• _EXERCISE AIM_: Transcribe the listing below only from the line with "Predám dievčenský bicykel" up to and including the line with "Google 发送使用情况统计信息 (Send".

• _ENTRIES PROVIDED_:
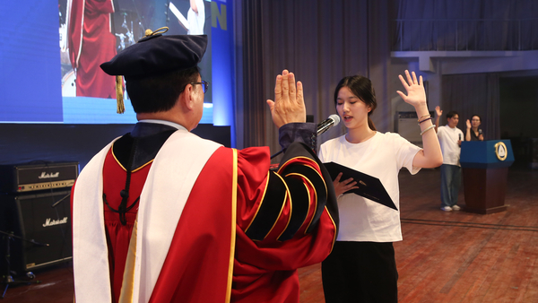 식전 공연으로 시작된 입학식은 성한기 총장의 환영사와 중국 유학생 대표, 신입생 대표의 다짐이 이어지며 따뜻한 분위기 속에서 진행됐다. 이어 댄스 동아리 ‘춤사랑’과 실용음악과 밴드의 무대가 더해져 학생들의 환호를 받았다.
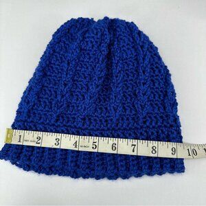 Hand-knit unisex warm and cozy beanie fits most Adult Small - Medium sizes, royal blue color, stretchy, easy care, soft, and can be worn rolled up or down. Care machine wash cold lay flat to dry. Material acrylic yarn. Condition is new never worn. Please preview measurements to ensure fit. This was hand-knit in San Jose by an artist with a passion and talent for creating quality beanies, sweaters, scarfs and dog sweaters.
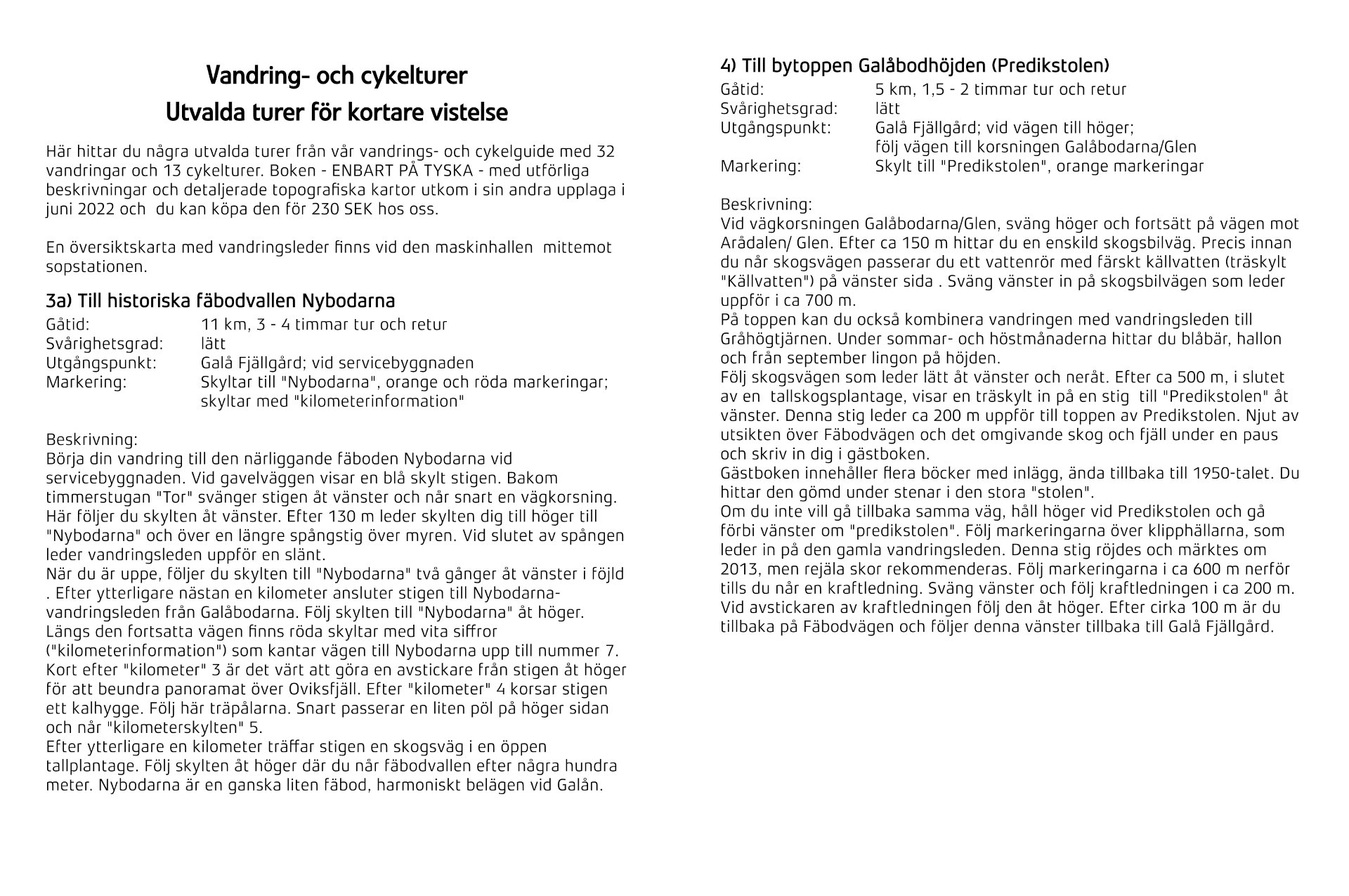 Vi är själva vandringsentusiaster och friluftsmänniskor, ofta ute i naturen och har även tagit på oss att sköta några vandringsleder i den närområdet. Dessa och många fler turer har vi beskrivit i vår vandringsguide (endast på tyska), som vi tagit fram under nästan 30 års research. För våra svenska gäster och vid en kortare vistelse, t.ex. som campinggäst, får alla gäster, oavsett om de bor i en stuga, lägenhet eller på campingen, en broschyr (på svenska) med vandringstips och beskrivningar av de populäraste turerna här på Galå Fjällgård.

==

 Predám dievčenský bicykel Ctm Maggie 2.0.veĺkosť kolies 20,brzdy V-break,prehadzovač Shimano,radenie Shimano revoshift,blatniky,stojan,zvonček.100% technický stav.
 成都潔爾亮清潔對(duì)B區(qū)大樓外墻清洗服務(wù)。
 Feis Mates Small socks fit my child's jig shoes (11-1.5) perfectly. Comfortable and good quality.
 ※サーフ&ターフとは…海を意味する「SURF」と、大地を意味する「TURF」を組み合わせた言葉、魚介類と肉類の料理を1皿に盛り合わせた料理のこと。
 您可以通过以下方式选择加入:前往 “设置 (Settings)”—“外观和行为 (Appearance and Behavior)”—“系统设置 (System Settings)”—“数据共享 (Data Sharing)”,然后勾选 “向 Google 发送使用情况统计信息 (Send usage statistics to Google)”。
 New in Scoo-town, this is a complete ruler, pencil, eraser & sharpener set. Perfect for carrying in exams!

---

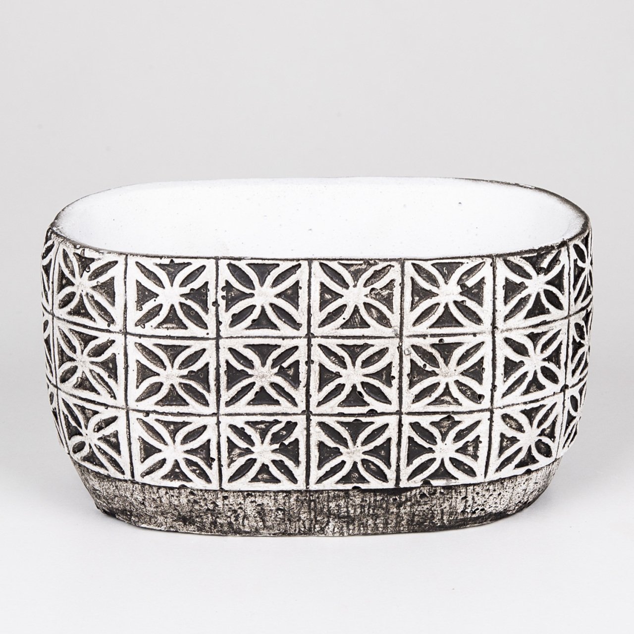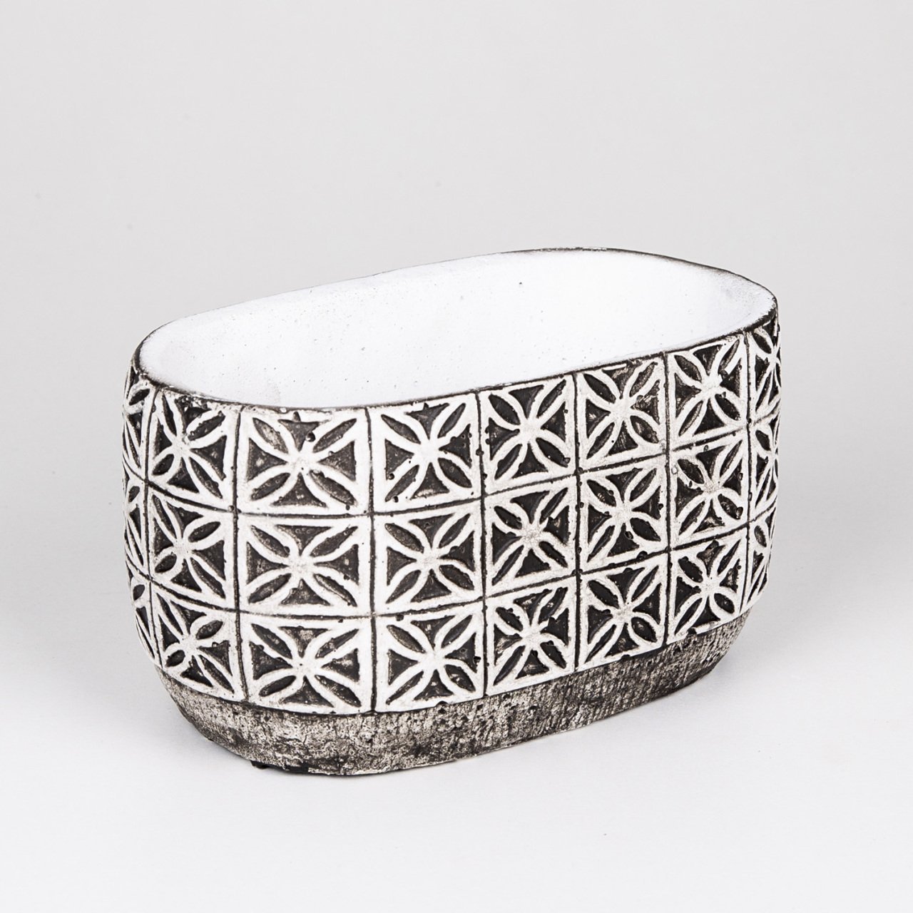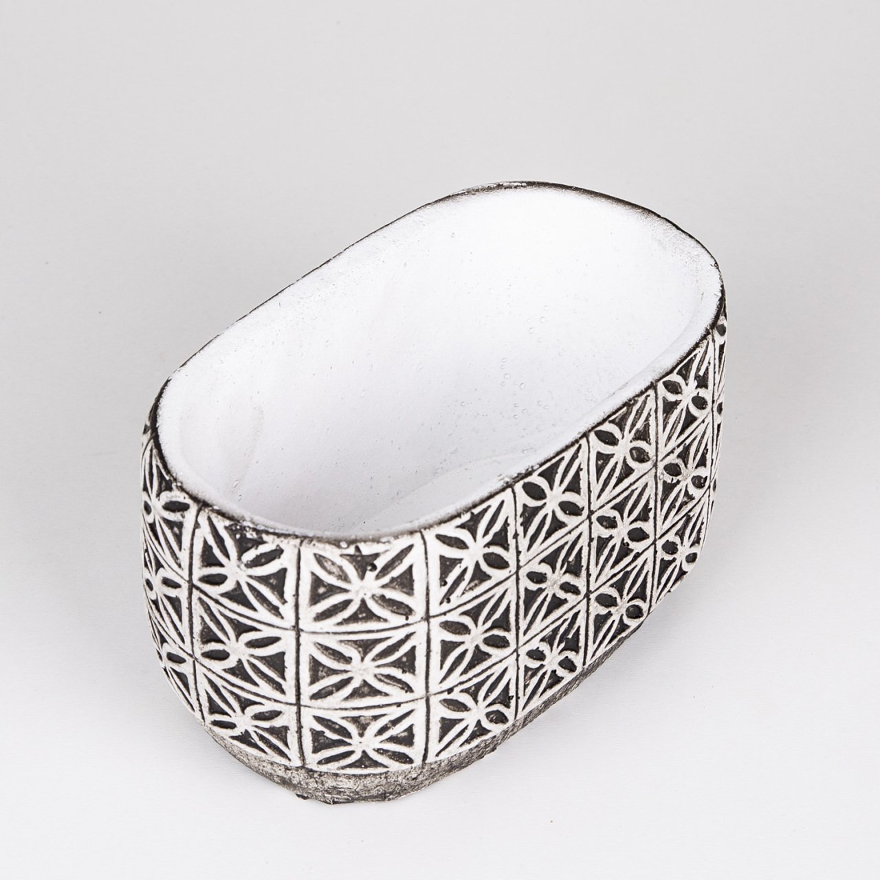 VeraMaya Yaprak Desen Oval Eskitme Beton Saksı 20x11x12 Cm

• _COMPLETED TASK_:
 Predám dievčenský bicykel Ctm Maggie 2.0.veĺkosť kolies 20,brzdy V-break,prehadzovač Shimano,radenie Shimano revoshift,blatniky,stojan,zvonček.100% technický stav.
 成都潔爾亮清潔對(duì)B區(qū)大樓外墻清洗服務(wù)。
 Feis Mates Small socks fit my child's jig shoes (11-1.5) perfectly. Comfortable and good quality.
 ※サーフ&ターフとは…海を意味する「SURF」と、大地を意味する「TURF」を組み合わせた言葉、魚介類と肉類の料理を1皿に盛り合わせた料理のこと。
 您可以通过以下方式选择加入:前往 “设置 (Settings)”—“外观和行为 (Appearance and Behavior)”—“系统设置 (System Settings)”—“数据共享 (Data Sharing)”,然后勾选 “向 Google 发送使用情况统计信息 (Send usage statistics to Google)”。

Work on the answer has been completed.